PROBLEM STATEMENT
For the records below, output word for word the lines from the one with "从行业前景来看,根据灼识谘询" up to and including the one with "(本网讯)11月25日至26". No pictures.

EXTRACTED ENTRIES

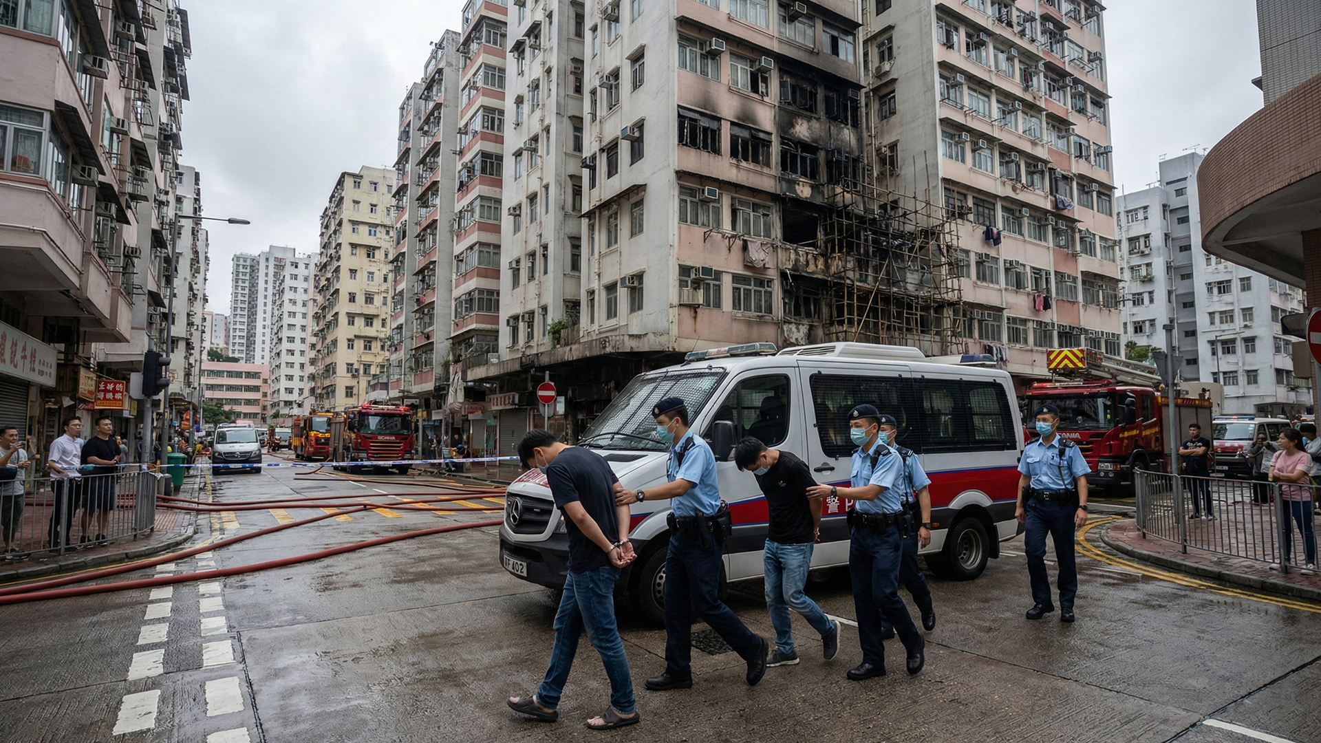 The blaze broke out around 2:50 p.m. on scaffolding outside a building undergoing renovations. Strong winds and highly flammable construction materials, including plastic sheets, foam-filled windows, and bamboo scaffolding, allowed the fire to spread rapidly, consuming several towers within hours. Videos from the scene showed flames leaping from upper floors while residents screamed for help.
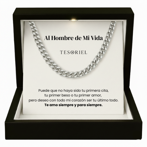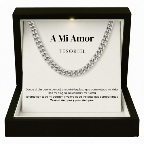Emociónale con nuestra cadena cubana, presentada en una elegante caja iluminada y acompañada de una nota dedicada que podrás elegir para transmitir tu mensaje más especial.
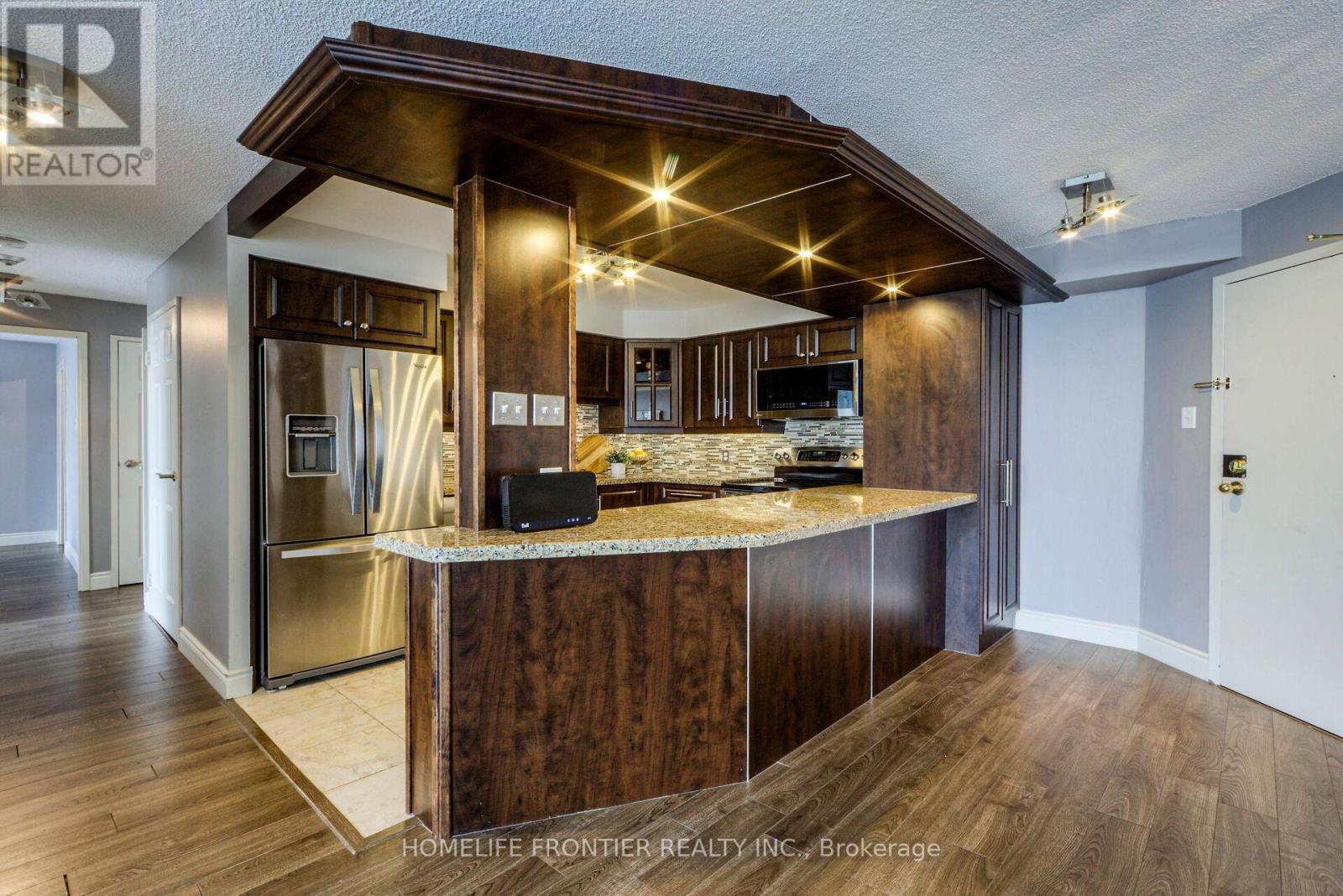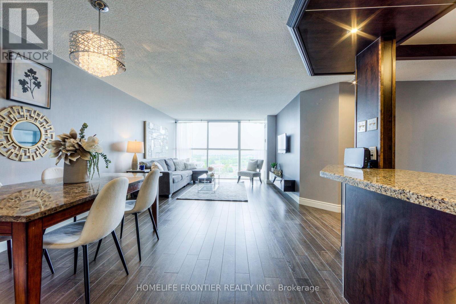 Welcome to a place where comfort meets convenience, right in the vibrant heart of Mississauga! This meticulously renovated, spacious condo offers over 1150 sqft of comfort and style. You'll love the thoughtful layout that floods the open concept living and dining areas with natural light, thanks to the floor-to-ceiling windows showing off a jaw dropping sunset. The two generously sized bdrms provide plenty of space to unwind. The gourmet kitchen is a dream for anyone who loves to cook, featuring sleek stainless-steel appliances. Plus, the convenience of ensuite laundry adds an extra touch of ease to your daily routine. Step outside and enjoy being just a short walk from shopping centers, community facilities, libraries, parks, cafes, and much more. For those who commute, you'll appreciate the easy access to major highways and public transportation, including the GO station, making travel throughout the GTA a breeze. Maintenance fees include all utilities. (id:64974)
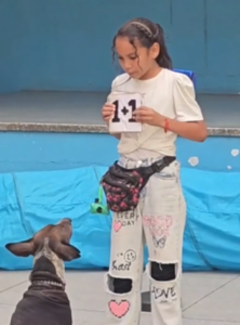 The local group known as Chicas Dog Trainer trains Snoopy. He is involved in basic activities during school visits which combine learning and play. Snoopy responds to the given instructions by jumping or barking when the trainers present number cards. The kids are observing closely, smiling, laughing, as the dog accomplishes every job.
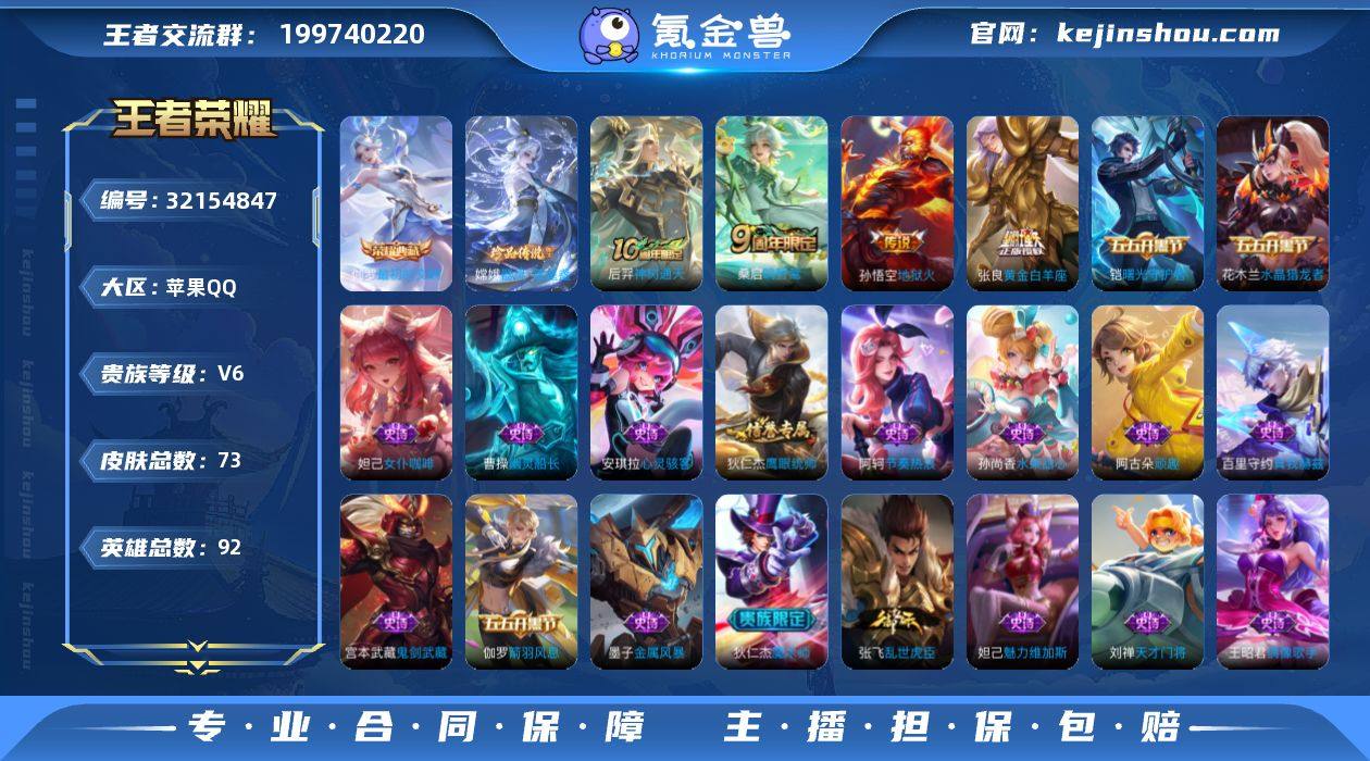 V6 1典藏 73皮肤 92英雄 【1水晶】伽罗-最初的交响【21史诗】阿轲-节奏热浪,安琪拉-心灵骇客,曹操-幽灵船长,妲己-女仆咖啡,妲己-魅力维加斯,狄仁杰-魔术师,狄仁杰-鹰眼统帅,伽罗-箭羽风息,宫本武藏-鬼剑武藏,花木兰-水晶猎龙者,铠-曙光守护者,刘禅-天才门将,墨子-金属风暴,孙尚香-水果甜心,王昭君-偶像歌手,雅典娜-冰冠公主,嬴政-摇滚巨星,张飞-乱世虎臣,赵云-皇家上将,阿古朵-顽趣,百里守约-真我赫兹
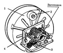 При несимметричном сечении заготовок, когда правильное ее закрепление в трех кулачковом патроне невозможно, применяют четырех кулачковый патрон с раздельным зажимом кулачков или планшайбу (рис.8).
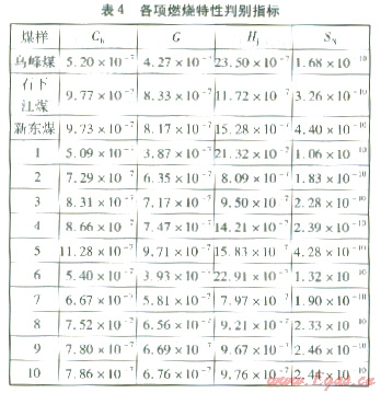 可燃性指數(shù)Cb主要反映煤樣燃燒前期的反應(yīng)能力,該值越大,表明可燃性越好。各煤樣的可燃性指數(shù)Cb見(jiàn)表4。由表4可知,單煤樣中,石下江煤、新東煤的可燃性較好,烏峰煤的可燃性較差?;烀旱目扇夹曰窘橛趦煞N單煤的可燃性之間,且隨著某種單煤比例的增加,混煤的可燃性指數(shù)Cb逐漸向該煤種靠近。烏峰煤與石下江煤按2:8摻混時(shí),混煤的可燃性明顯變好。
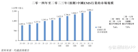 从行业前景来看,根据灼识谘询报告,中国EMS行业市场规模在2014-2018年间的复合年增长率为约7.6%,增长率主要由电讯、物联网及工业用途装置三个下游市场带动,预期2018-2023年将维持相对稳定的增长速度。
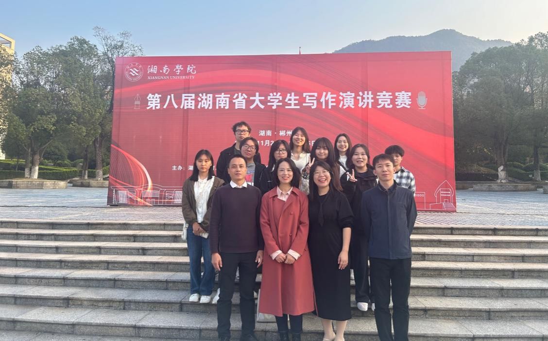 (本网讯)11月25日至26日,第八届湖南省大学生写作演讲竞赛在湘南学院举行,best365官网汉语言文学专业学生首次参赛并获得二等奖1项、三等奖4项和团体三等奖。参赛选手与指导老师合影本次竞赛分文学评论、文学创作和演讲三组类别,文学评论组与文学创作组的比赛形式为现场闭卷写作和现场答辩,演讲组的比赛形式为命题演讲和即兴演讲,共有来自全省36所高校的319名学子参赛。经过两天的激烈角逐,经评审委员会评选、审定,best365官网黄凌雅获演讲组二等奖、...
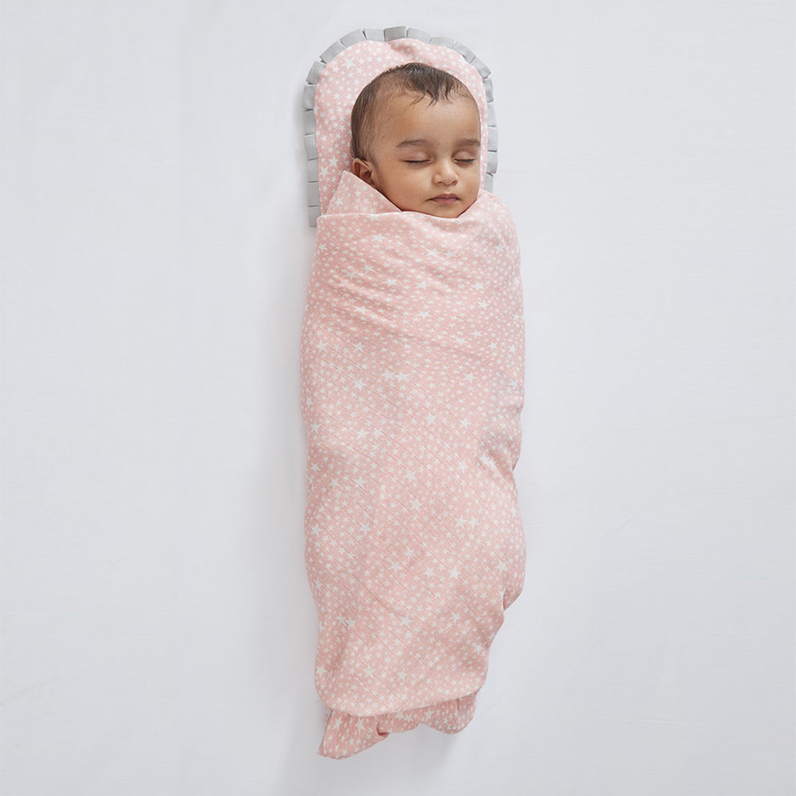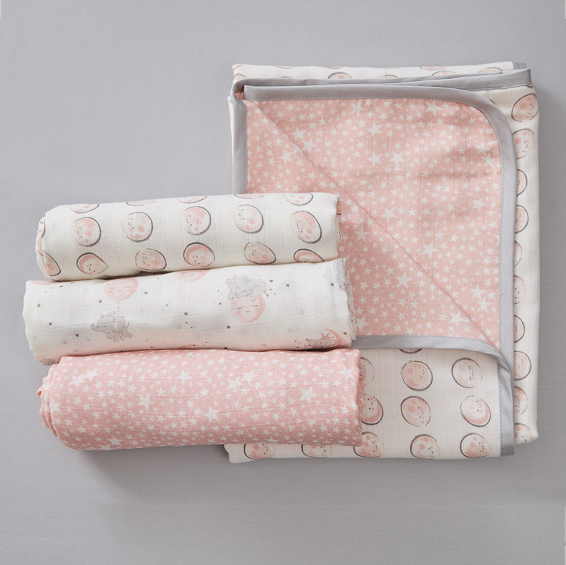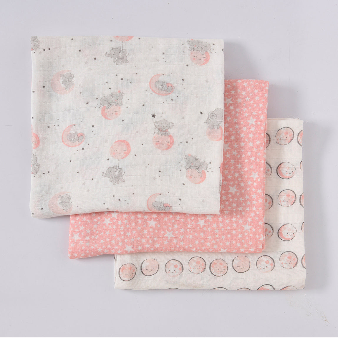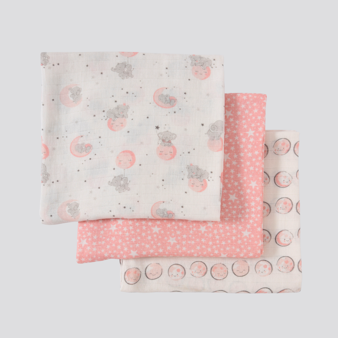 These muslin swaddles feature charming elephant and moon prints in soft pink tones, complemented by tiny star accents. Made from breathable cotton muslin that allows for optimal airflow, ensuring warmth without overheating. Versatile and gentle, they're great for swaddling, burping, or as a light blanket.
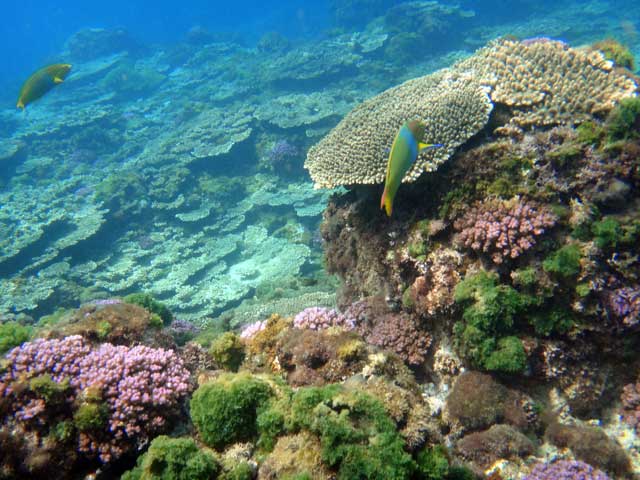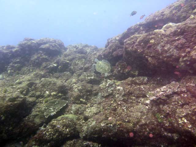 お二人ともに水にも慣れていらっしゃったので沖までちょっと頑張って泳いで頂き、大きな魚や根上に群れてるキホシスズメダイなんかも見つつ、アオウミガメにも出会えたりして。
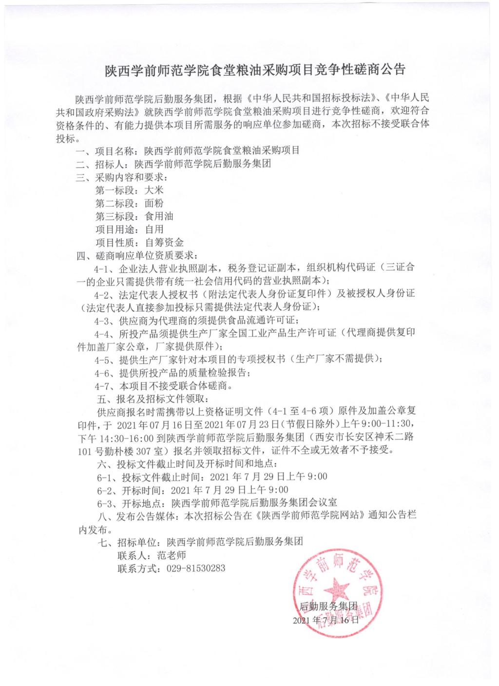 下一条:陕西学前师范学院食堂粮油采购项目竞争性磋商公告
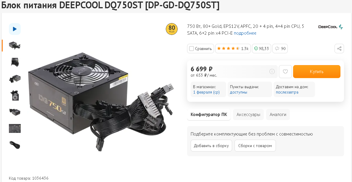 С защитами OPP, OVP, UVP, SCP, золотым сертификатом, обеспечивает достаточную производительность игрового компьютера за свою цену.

OUTPUT BELOW
 从行业前景来看,根据灼识谘询报告,中国EMS行业市场规模在2014-2018年间的复合年增长率为约7.6%,增长率主要由电讯、物联网及工业用途装置三个下游市场带动,预期2018-2023年将维持相对稳定的增长速度。
 (本网讯)11月25日至26日,第八届湖南省大学生写作演讲竞赛在湘南学院举行,best365官网汉语言文学专业学生首次参赛并获得二等奖1项、三等奖4项和团体三等奖。参赛选手与指导老师合影本次竞赛分文学评论、文学创作和演讲三组类别,文学评论组与文学创作组的比赛形式为现场闭卷写作和现场答辩,演讲组的比赛形式为命题演讲和即兴演讲,共有来自全省36所高校的319名学子参赛。经过两天的激烈角逐,经评审委员会评选、审定,best365官网黄凌雅获演讲组二等奖、...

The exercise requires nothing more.